A trilogy of distinctive vignettes that peek into a notorious chapter of New Orleans history, the era of New Orleans’ legal red-light district, forms the basis of a show by musician and performer Esquizito. Three Vignettes of The District is an adaptation of Danny Barker’s book Buddy Bolden and the Last Days of Storyville, published shortly after Barker’s death in 1994. Performances will be staged at Cafe Istanbul, 2372 St. Claude Avenue, on Friday, March 18, at 8 p.m. and Sunday, March 13, at 5 p.m.
The era of Storyville was a period of time potent in its seductions and equally shuddering in its truths. Barker, a renowned jazz musician and raconteur whose childhood overlapped the final days of Storyville, wrote about the brothels, cribs, barrelhouses, gambling dens, honky-tonks and dives with colorful language and death-defying humor.

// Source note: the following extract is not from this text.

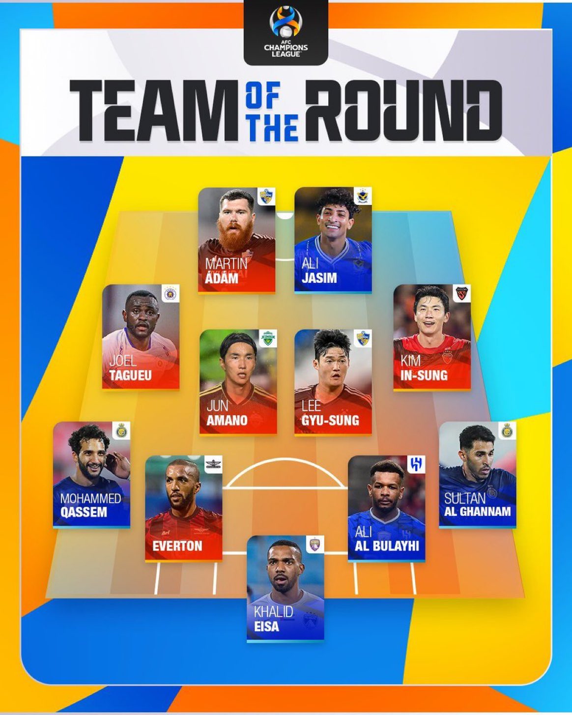 وشهدت التشكيلة المثالية في الجولة الأولى من دور المجموعات في دوري أبطال آسيا، تواجد سلطان الغنام ومحمد قاسم.
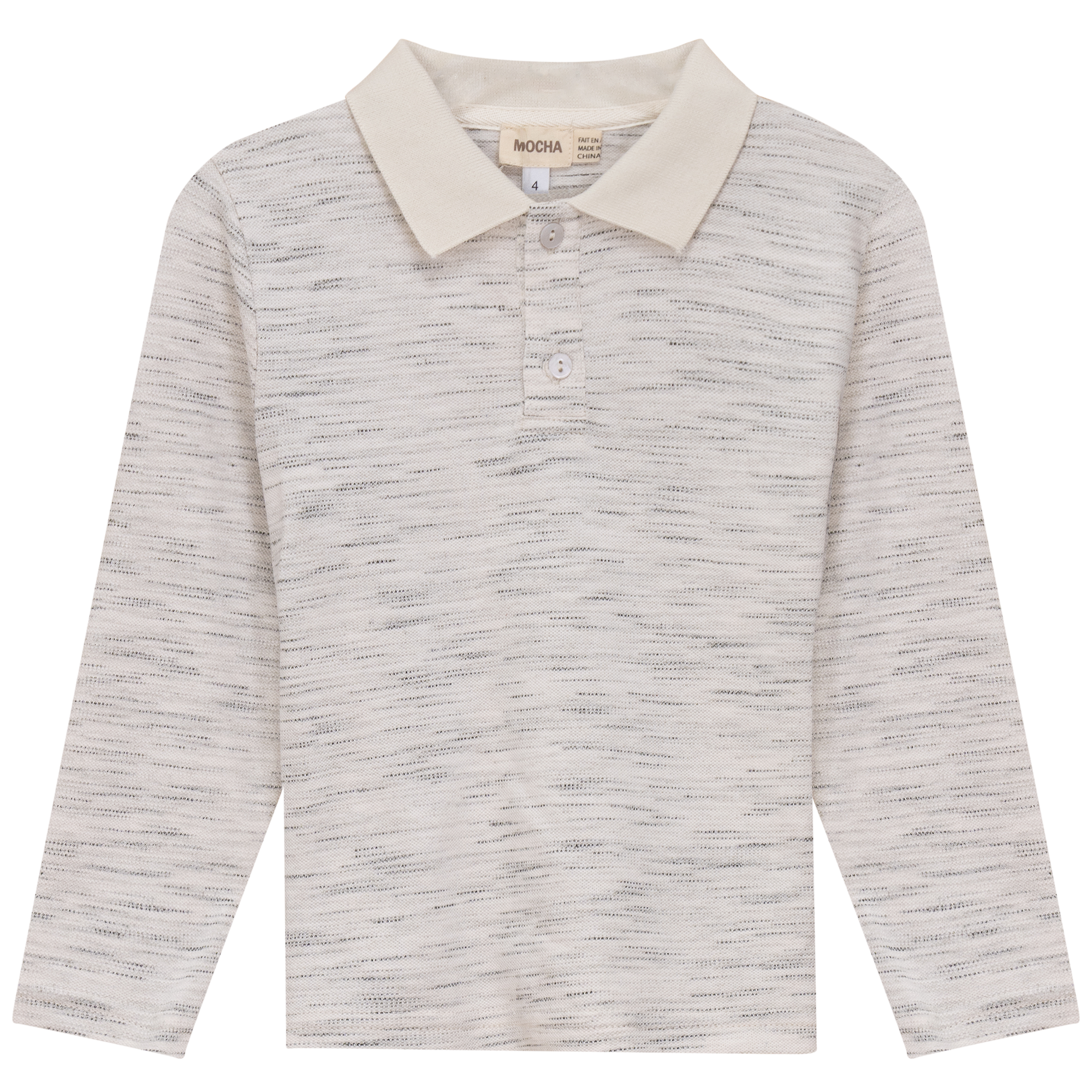 Boys long sleeve woven polo with center front button opening and collar. ֲ

Esquizito has conjured up the notorious characters of The District by interpreting Barker’s “lies embellished with truth,” he said. “Beyond his varied career in popular American music, Danny Barker was a self-styled artist who viewed jazz in a broad cultural, economic, and social context. For him, jazz was a distinctive manner of expression, which is inherently reflected in virtually every aspect of Black lives in America.”
The two-hour performance with brief intermission marks Esquizito’s return to the stage of Cafe Istanbul.
“Esquizito is a mix of modern jazz vocals, New Orleans street character, traditional jazz and gospel, and a healthy dab of bohemian zaniness,” said Kalamu ya Salaam, a poet, author and filmmaker in New Orleans.